3. Contrato de Garantia Real
Para garantias com bens móveis ou imóveis, como veículos, equipamentos ou propriedades.
- Contrato de garantia real.
- Matrícula atualizada do imóvel ou documento de propriedade do bem.
- Registro da garantia em cartório ou no DETRAN (para veículos).
4. Fiança Bancária ou Seguro Garantia
Substituindo a execução direta de investimentos, bancos podem exigir fiança bancária ou seguro garantia como forma de cobertura de inadimplência.
- Apólice de seguro garantia com cláusulas claras sobre acionamento.
- Contrato de fiança bancária com definição de responsabilidades.
- Avaliação de crédito do fiador ou seguradora.
5. Instrumentos de Confissão de Dívida
Para reforçar a cobrança, bancos podem solicitar que clientes firmem uma confissão de dívida, formalizando a obrigação de pagamento.
- Documento de confissão de dívida com reconhecimento de firma.
- Cláusulas de penalidade e atualização monetária.
- Testemunhas ou registro em cartório, quando necessário.
6. Adendos Contratuais de Crédito
Bancos precisarão revisar contratos de crédito vigentes, adicionando cláusulas que reflitam a nova realidade da impenhorabilidade.
- Adendos contratuais que detalhem garantias alternativas.
- Termo de ciência e concordância do cliente.
- Atualização de políticas de crédito e cobrança.
7. Compliance e Política de Gestão de Garantias
O setor de compliance deve revisar suas políticas internas para garantir alinhamento com a decisão do STJ.
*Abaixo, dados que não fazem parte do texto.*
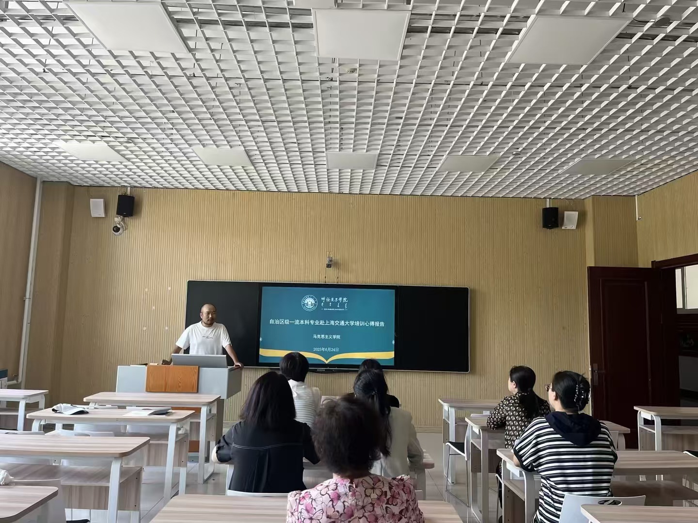 6月24日,pg游戏电子模拟器举行自治区级一流本科专业赴上海交通大学培训经验交流活动,中国近现代史纲要教研室主任张舒老师重点围绕三个方面介绍了本次培训的心得体会。
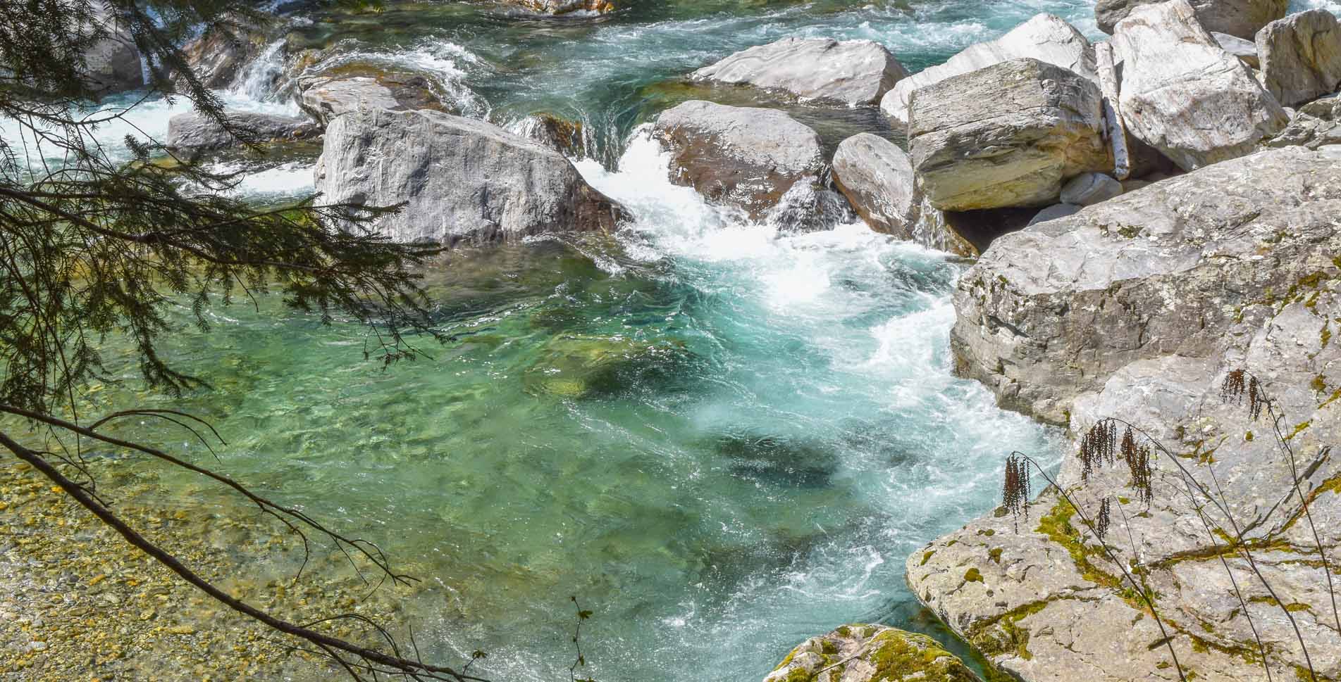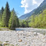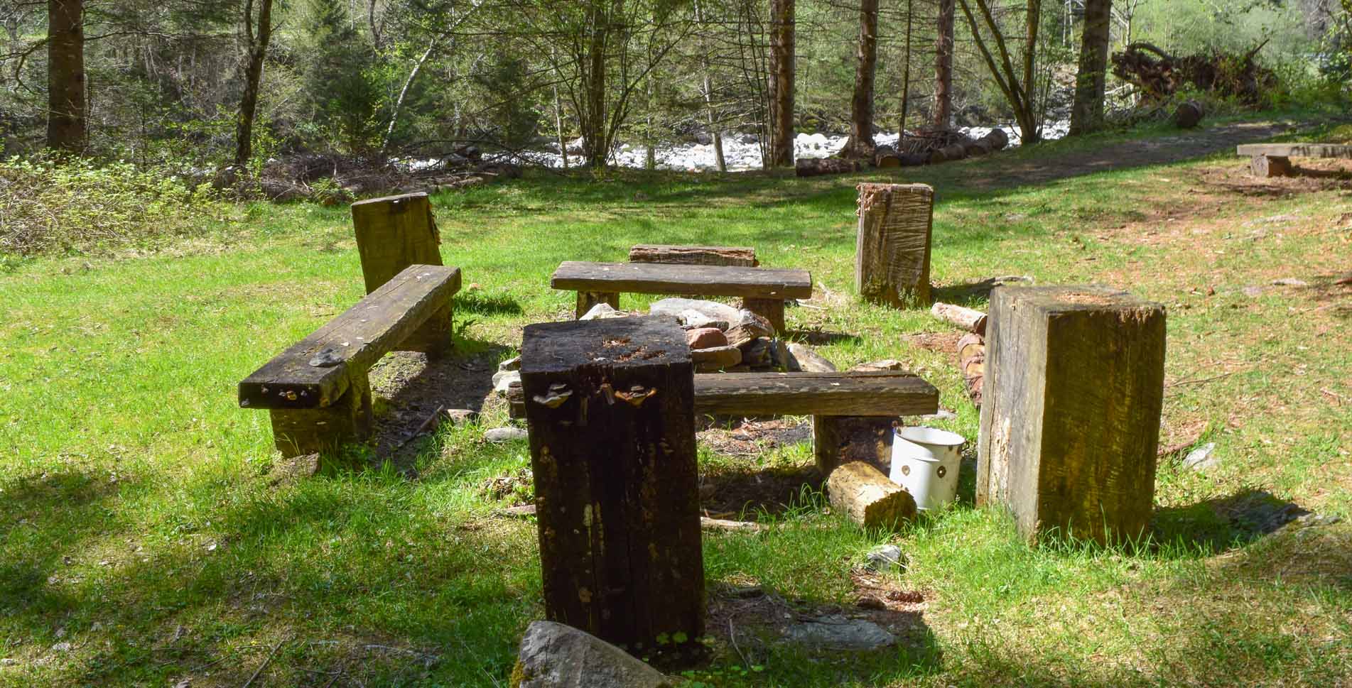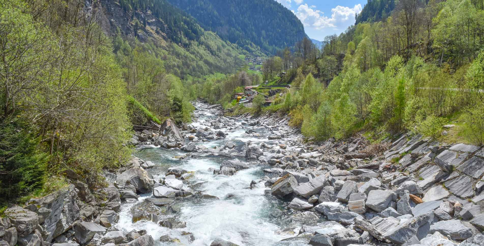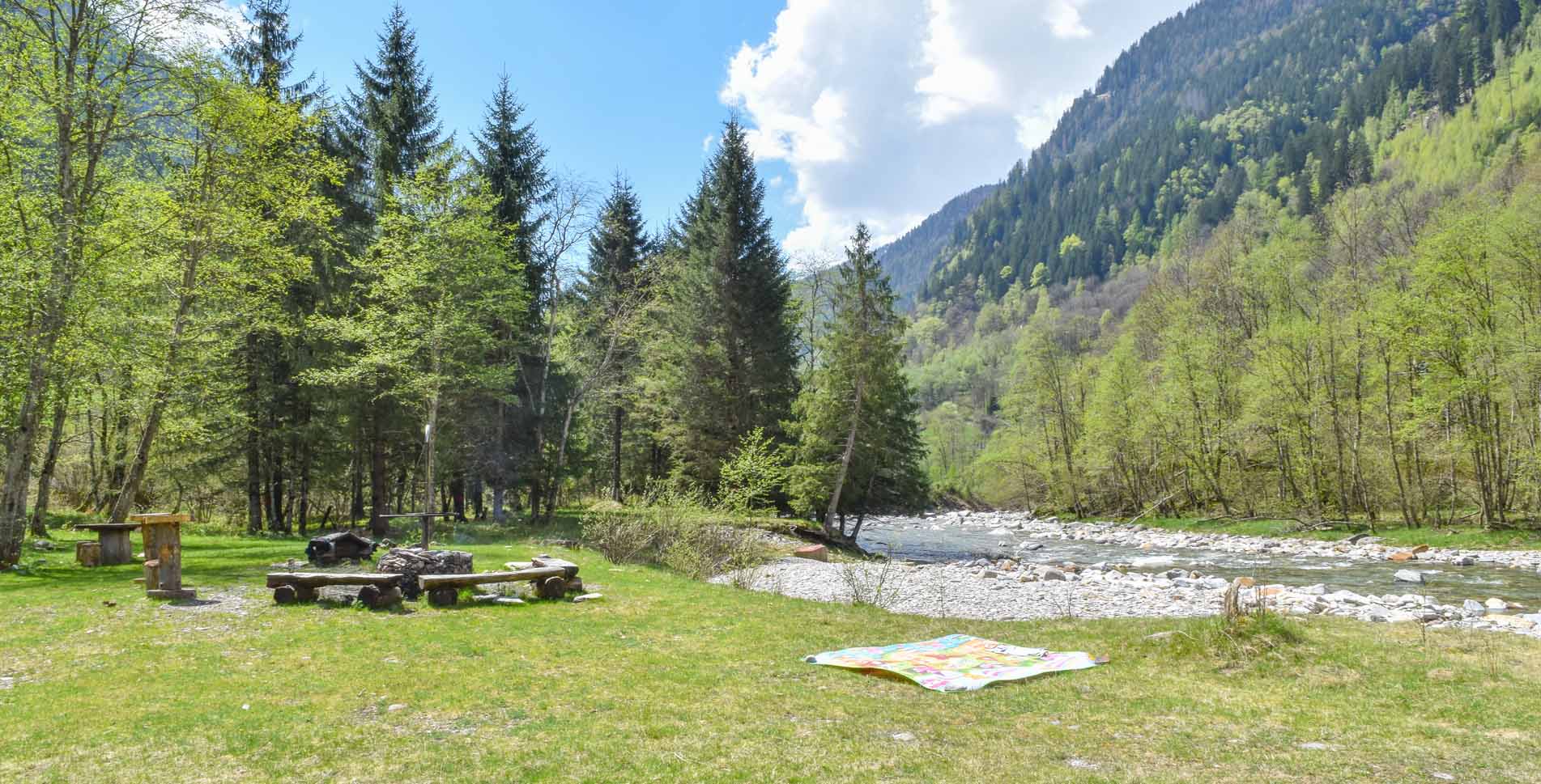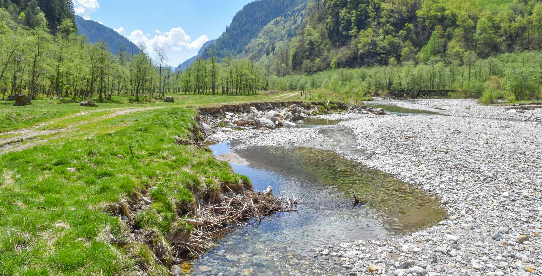 Der Weg führt zum Fluss und über die Brücke, wo man nach links abbiegt und dem Flusslauf folgt. Nach wenigen Minuten ist ein wunderschöner Picknickplatz mit einfachen Tischen und Hockern erreicht. Ein herrlicher Platz, direkt am Wildwasserfluss und im Auengebiet. Breite Kiesbänke, eine kleine bewaldete Aueninsel – wild und idyllisch. Die Calancasca entspringt südlich des Zapporthorns und am Pizzo de Stabi. Nach 31 Kilometern mündet der Wildwasserfluss bei Roveredo in die Moesa.
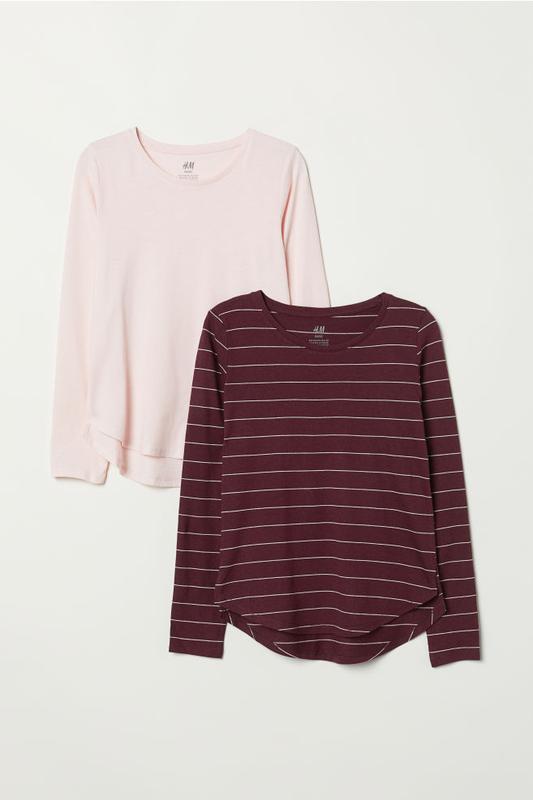 Комплект регланов девочке № 418 нежно пудровый и бордо в полоску, нежные, мягенькие 8/10 лет - пог 36 см, плечи 30 см, рукав 54 см, длина 48/52 см
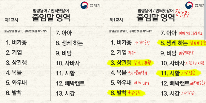 1. 요즘 제일 많이 쓰는 줄임말 TOP 20
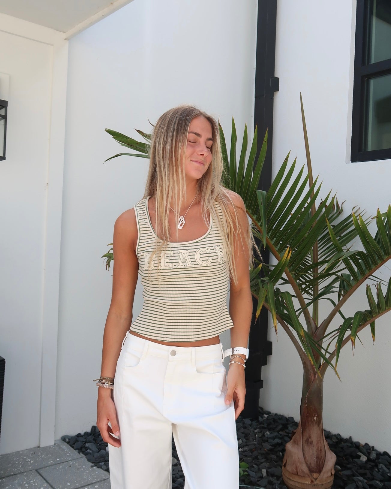 Bring the beach vibes wherever you go with the Tropical Vibes Tank. Featuring a fresh green and beige color combo and a bold 'Beach' graphic, this tank is the perfect balance of relaxed and fun. Whether you’re lounging by the shore or running errands, it’s a laid-back piece that adds a touch of coastal spirit to any outfit.

- Política interna de concessão de crédito atualizada.
- Procedimentos de análise de risco e concessão de garantias.
- Relatórios periódicos de auditoria e conformidade.
8. Registro no Sistema Nacional de Gravames (SNG)
Para bens móveis como veículos, o registro das garantias deve ser feito no SNG, assegurando prioridade em caso de inadimplência.
- Registro de gravame no sistema eletrônico.
- Contrato de garantia com cláusula de alienação fiduciária.
9. Comunicação ao Banco Central (BACEN)
Bancos precisam manter atualizados os registros de operações garantidas conforme as normas do BACEN, especialmente em casos de securitização ou cessão de crédito.
- Relatórios de crédito atualizados no Sistema de Informações de Crédito (SCR).
- Declaração de compliance com normas prudenciais.
Para operar de forma segura e em conformidade com a nova decisão do STJ, os bancos precisarão reforçar sua documentação de garantias e revisar contratos de crédito. A adoção de instrumentos como alienação fiduciária, cessão fiduciária, seguros de crédito e fianças bancárias será fundamental para proteger suas operações financeiras.
Empresas que mantêm uma gestão documental completa e alinhada às exigências legais estarão mais preparadas para minimizar riscos e garantir a sustentabilidade financeira de suas operações de crédito.